Moim zdaniem w czasach gdy z wiadomych względów nie można było wpleść całej masy efektów specjalnych, aktor musiał pokazać swój kunszt aby przyciągnąć widza do ekranu. Brando czy Newman potrafili to robić. To byli aktorzy wybitni. Wystarczy obejrzeć takie rzeczy jak ,,Ostatnie tango w Paryżu", ,,Jak ptaki bez gniazd", ,,Nieugięty Luke" czy też mój ulubiony ,,Słodki ptak młodości" by stwierdzić jaka jest przepaść między tym co było a tym co jest. Ja mam trochę ,,spaczony" gust, wychowałem się na cyklu ,,Perły z lamusa", zawsze lubiłem oglądać te starsze produkcje.

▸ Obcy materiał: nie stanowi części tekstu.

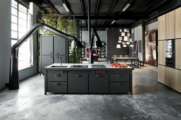 Черная кухня в стиле лофт

Co do scenariuszy, to także nie sądzę żeby były one na wyższym poziomie. Gdy obejrzę sobie np. ,,Dwunastu gniewnych ludzi", film ponadczasowy, dziejący się w jednej sali, który oparty jest o świetną historię i świetną grę aktorską, to nie znajduję nic równie dobrego współcześnie. Gdy obejrzę filmy nakręcone na podstawie sztuk Tennessee Williamsa, czyli wymienione przeze mnie ,,Jak ptaki bez gniazd" , ,,Słodki ptak młodości" ale także ,,Tramwaj zwany pożądaniem" , ,,Kotka na gorącym, blaszanym dachu" to jakoś nie mogę znaleźć czegoś dorównującego im poziomem, ekspresją, przekazem. Jeśli mamy szukać dobrych współczesnych scenariuszy to raczej nie w USA, a w Europie oraz Rosji. Filmy Refna (trylogia ,,Pusher", ,,Bleeder"), filmy Michałkowa (,,Spaleni słońcem", ,,Dwunastu") ,,Ładunek 200", ,,Bumer", ,,9 kompania", ,,Brygada", ,,Karny batalion" to są rzeczywiście rzeczy na wysokim poziomie, potrafiące przykuć do ekranu i rozerwać duszę na strzępy ale jest tego bardzo mało i z każdym rokiem coraz mniej. Prawdę mówiąc nie przypominam sobie żadnego filmu z tego roku, który by mnie poruszył, wywarł jakieś wielkie wrażenie.
Ale to tylko takie moje przemyślenia. Przepraszam za offtop.